Synopsis : Des amis partent sur une île grecque pour se divertir. À leur arrivée, ils découvrent un village désert. Puis une de leurs amies disparaît mystérieusement. Tout le monde se met à la chercher. Dans une cave, ils vont découvrir une jeune fille terrifiée et hystérique, cachée dans un tonneau.
Progressivement, l’horizon éditorial français exhume des pans entiers du cinéma italien, réalisateur après réalisateur.
Les années passées ont vu arriver jusqu’à nos rétines éberluées des morceaux conséquents des filmographies de Dario Argento, Lucio Fulci, Umberto Lenzi ou encore très récemment Sergio Martino et Aldo Lado.

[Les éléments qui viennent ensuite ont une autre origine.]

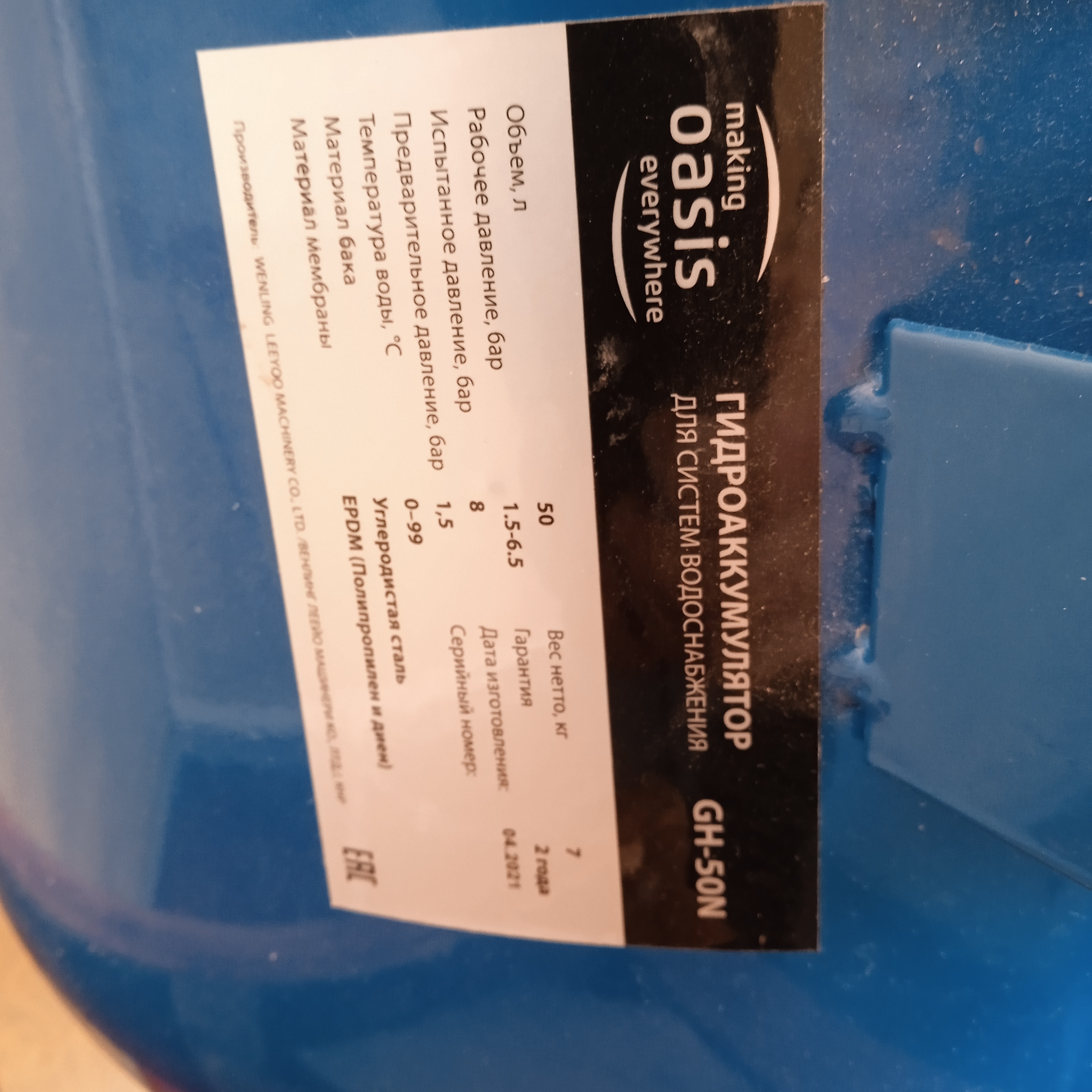 Гидроаккумулятор Oasis, 8 бар, 50 л, горизонтальный, синий
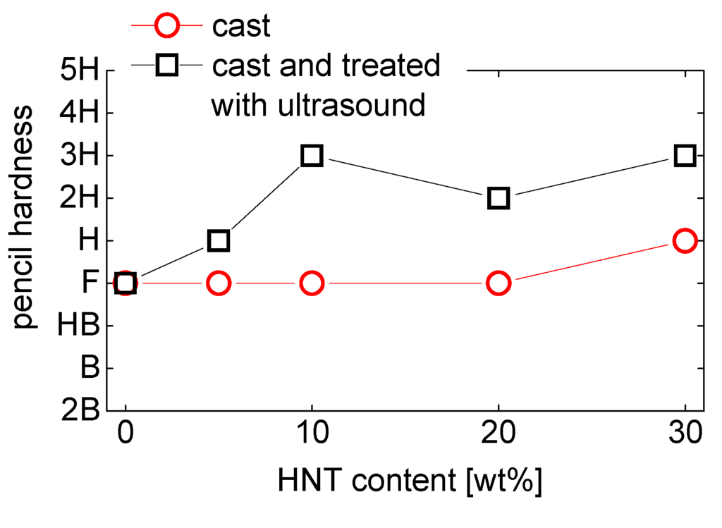 Figure 5 separately addresses the issue of sonication. It compares the pencil hardness achieved with non-silanized HNTs with and without sonication. The open circles are the same data as in Figure 4. The squares are pencil hardness obtained with the same material, but it was floated on an ultrasonic bath while drying. As the figure shows, an improvement is found for these process conditions. The improvement achieved with functionalization and the improvement achieved with sonication both amount to about two units. There were no synergetic effects: silanized nanotubes treated with ultrasound achieved about the same pencil hardness as the silanized HNTs with no ultrasound treatment. We have at this point not systematically investigated the dependence of pencil hardness on duration of the ultrasound treatment. Figure 5 demonstrates that an ultrasound treatment has potential for improvement. The details need further studies.
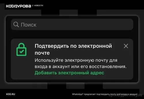 WhatsApp вслед за Telegram стал предлагать россиянам использовать почту для входа в аккаунт
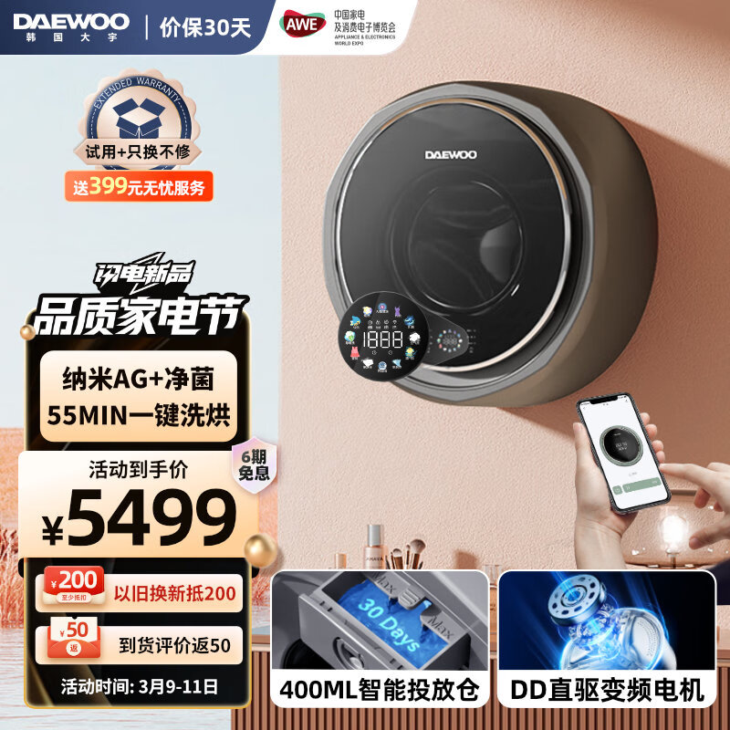 大宇(DAEWOO)壁挂洗衣机 洗烘一体 全自动变频3KG 彩屏WiFi智联 高温煮洗 星云系列 DY-BGX07H 极光银价格:5499.00元!
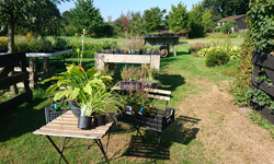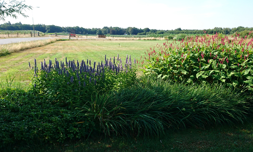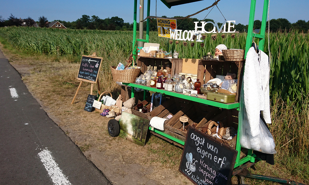 Ik hobbel rustig voort en besef dat ik er nog steeds niet ben…. Eerst nog even parallel aan de klarenweg lopen in de hoop op wat schaduw (nee) en daarna langs het stalletje met de zelfgemaakte spulletjes. Dat ziet er toch wel heel leuk uit. De vorige keer dat ik hier langs liep, raakte ik aan de praat met wandelaars en maakte ik geen foto meer. Verderop kijk ik even bij de plantjes die verkocht worden bij een kwekerijtje. Dat ziet er toch erg mooi uit zo met die bloeiende borders.
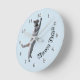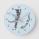 Cat standing on hind legs, swiping paw at 12. Curved text at right reads Meow Time Numerals are white with gray drop shadow, background is light blue.

Cependant, certains cinéastes incontournables de la même époque, provenant de courants connexes, connaissent plus difficilement ce shonneurs. C’est le cas de Michele Soavi, Ruggero Deodato, Lamberto Bava ou encore Joe D’Amato.

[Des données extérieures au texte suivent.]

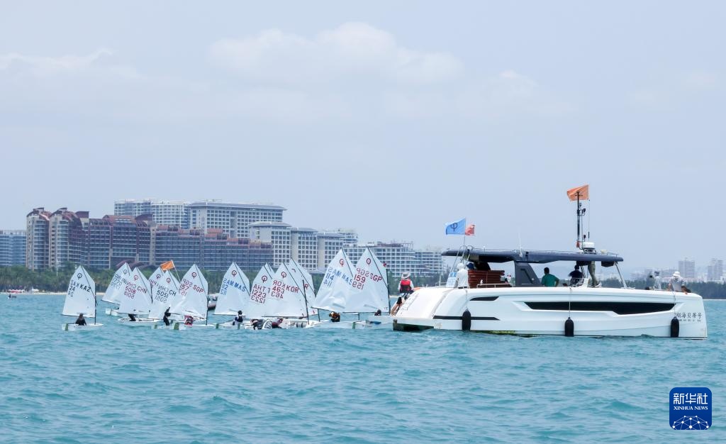 4月23日,选手们在OP帆船女子第1轮比赛中出发。新华社记者 张帆 摄
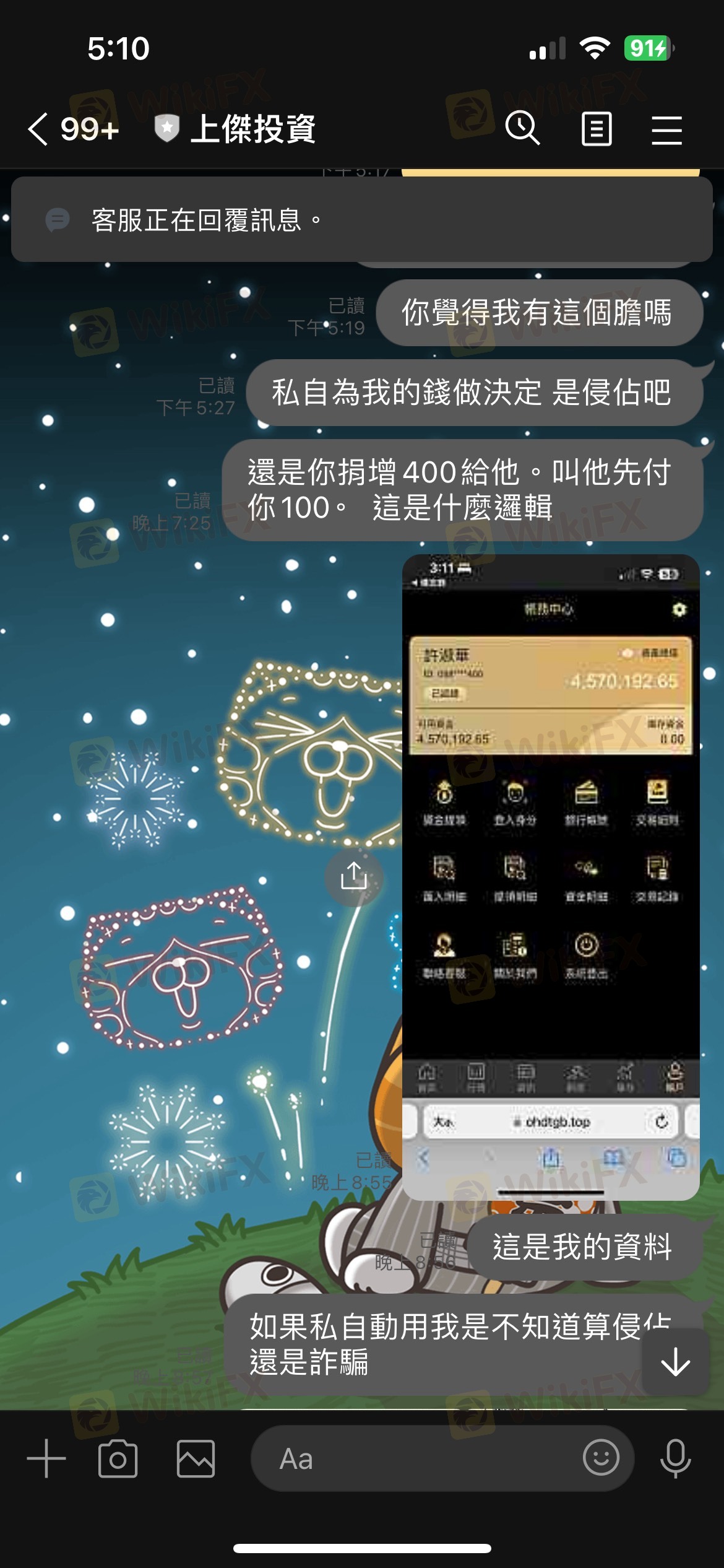 40萬只給我7500 其他通通不出金。最後還凍結

C’est sur ce dernier que notre désir se porte le plus. Le cinéaste à la filmographie de plus de 200 films se trouve être assez difficile d’accès dans l’hexagone.
Au fur et à mesure des années, quelques copies restaurées ont pu accéder à nos collections, un ensemble qui constitue un simple échantillon résiduel, alors qu’outre-atlantique pléthore de sorties honorent le travail du réalisateur.

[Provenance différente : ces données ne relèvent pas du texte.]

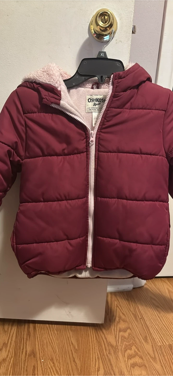 This OshKosh B'gosh puffer jacket is a size 7. It features a cozy sherpa lining inside the hood and body. The exterior is a classic quilted design in a deep red colour.
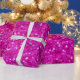Glamorös glitter-inslagning papprare med vibrerande, färgstarkt glassi delarare i djup rosa, fuchsia och violett färger - fototryck.
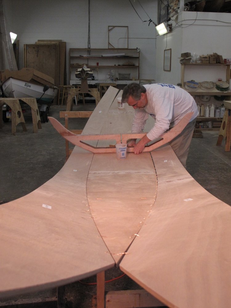 The Team Dory enjoys all of the refinements that make its smaller sister, the Northeaster Dory, so easy to build. All of the parts are cut on our computer, the hull is assembled with our exclusive LapStitch™ scheme, bulkheads are mortised in place, and stitching holes are pre-drilled by the computer. The tight-fitting kit combined with stitch-and-glue construction makes the Team Dory uniquely accessible to amateur rowing clubs and youth groups.
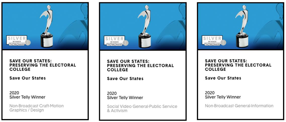 "It's an honor to have won not one, but three Telly Awards," Save Our States' Executive Director Trent England said. "We're not in this work for the awards but are grateful a video supporting the Electoral College has received such positive recognition from leading experts in the video and film industry. Special thanks to the team at Iron Light for making our vision for this video a reality."
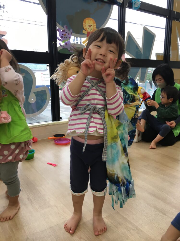 エプロンやおんぶ紐、お洋服を身につけて、はい、ポーズ📸
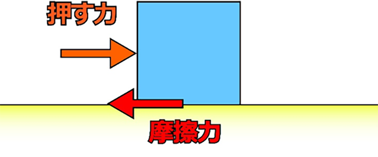 図からもわかる通り、押す力に対して逆向きにかかるのが摩擦力だ。ではなぜ、このような力が生じるのか、それには物体と床面の接触面で何が起こっているのかをミクロの世界で知る必要がある。
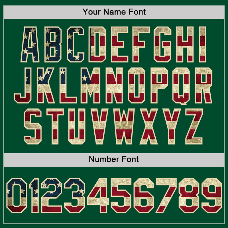 Custom Kelly Green Vintage USA Flag Cream-Black Bomber Full-Snap Varsity Letterman Hoodie Jacket
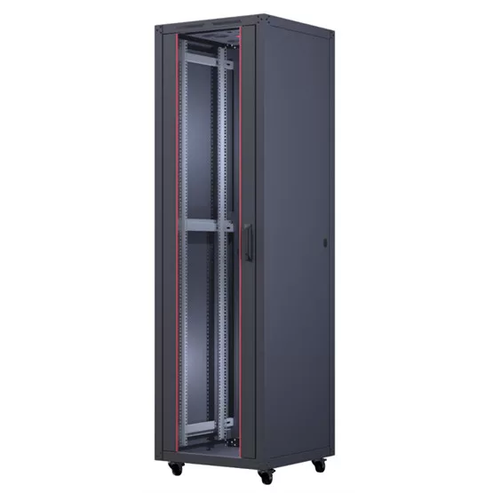 - A Betaline szekrények négy oldalról nyithatóak, zárhatóak és könnyen eltávolítható burkolatokkal rendelkeznek. - A hátsó és oldalsó burkolatok DKP lemezből készülnek, az elülső oldal pedig 4 mm vastag, ütésálló, edzett és füstszínű üvegből, amelyet fémkeret támaszt meg. - A keret és a sarokprofilok csavaros szerkezetűek a belső oldalon, ami nagy szilárdságot biztosít. - A szellőzés 2, 4 vagy 6 ventilátoros hűtőegységekkel biztosítható. - Elérhető magasságok: 12U, 16U, 20U, 26U, 32U, 36U, 42U és 47U. - A szekrényben négy darab 19” szerelőprofil található, amelyek mélysége igény szerint állítható. - A szerelőprofilok U jelölésekkel rendelkeznek, amelyek megkönnyítik a szerelést. - A szekrény alján csúsztatható, porvédett kefés kábelbevezetés található. Ezek két helyen érhetők el, alulról felfelé. - Ütésálló, nagy szilárdságú, elektrosztatikus RAL 9005 fekete festékkel bevonva. - Minden szükséges vizsgálati teszt elvégezve, megfelel a RoHS, CE, EN 61587-1 szabványoknak..
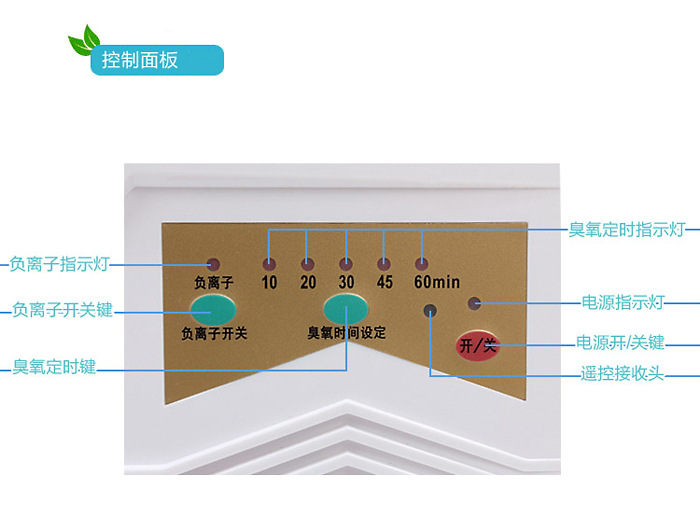 4、臭氧、负离子分别可以单独工作,也可同时工作,微电脑控制,摇控定时设置

Cependant, depuis la sortie du formidable documentaire Inferno Rosso autour de Joe D’Amato, présenté à Berlin, la lumière a retrouvé le chemin du cinéaste maudit.
En un peu plus d’un an, plusieurs classiques sont remontés à la surface qu’il s’agisse de Blue Holocaust, Horrible, La Mort A Souri A L’Assassin mais aussi un titre bien plus confidentiel tel que l’étrange La Nuit Erotique Des Morts-Vivants.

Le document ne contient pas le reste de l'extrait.